DATA SHOWN:
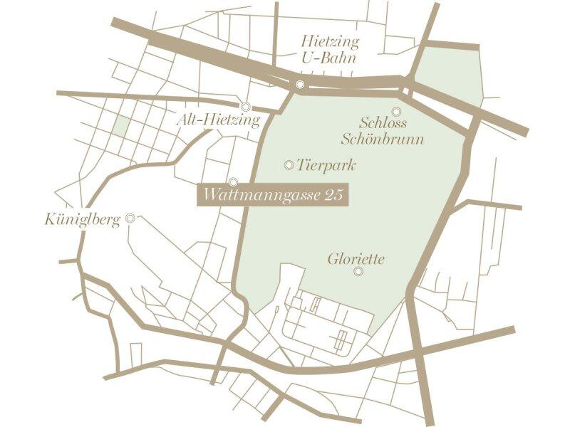 Die noble Wattmanngasse ist geprägt von historischen Bauwerken wie dem 1914 errichteten Schokoladenhaus mit seiner bemerkenswerten Fassadenverkleidung von Ernst Lichtblau und dem ehemaligen Atelier von Egon Schiele, in dem dieser bis zu seinem Tod im Jahr 1918 arbeitete. Der nur wenige Gehminuten entfernte Schlosspark Schönbrunn gilt als idyllischer Ort für Spaziergänge. Der Tiergarten, das Palmenhaus und die Orangerie bieten ein vielfältiges Freizeitangebot. Die Nahversorgung ist ausgezeichnet, mit erstklassigen Restaurants wie Plachutta und Mario Pasta-Grill-Bar in der Nähe, die kulinarische Genüsse bieten.
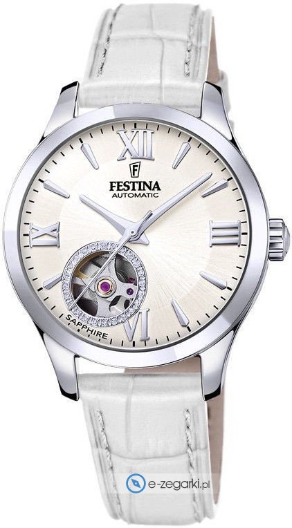 Damski zegarek F20490-1 z kolekcji Festina Automatic marki Festina to połączenie stylu i pomysłowych mechanizmów. Stylu nadaje wysokiej klasy cyferblat w kolorze beżowym. Godzina zaprezentowana jest w sposób analogowy co niezmiernie łatwo pozwala ją odczytać. Koperta szeroka jest na 33 mm oraz ma grubość 10 mm - charakteryzuje się okrągłym kształtem.
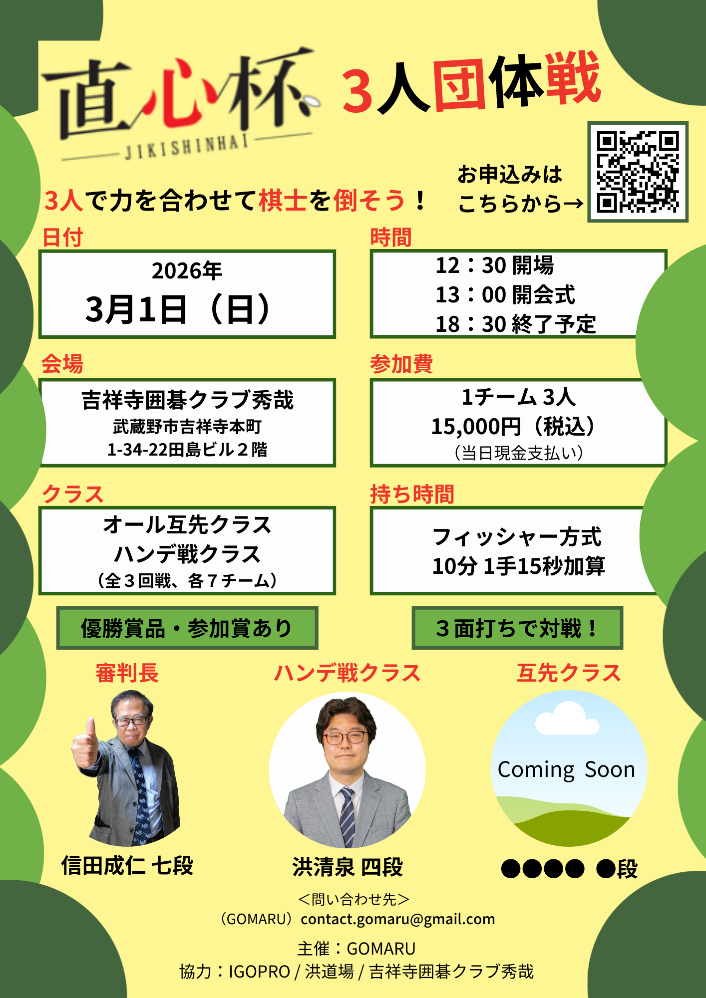 | 2026/03/01 | 直心杯 3人団体戦(3人で力を合わせて棋士を倒そう) | 級位,有段 | 吉祥寺囲碁クラブ秀哉 | |

WHAT TO DO: Your task is to retype exactly, and only, the lines from the one that holds "Damski zegarek F20490-1" through the end of the listing, both end lines included, without any pictures.

REPLY TO THE EXERCISE:
 Damski zegarek F20490-1 z kolekcji Festina Automatic marki Festina to połączenie stylu i pomysłowych mechanizmów. Stylu nadaje wysokiej klasy cyferblat w kolorze beżowym. Godzina zaprezentowana jest w sposób analogowy co niezmiernie łatwo pozwala ją odczytać. Koperta szeroka jest na 33 mm oraz ma grubość 10 mm - charakteryzuje się okrągłym kształtem.
 | 2026/03/01 | 直心杯 3人団体戦(3人で力を合わせて棋士を倒そう) | 級位,有段 | 吉祥寺囲碁クラブ秀哉 | |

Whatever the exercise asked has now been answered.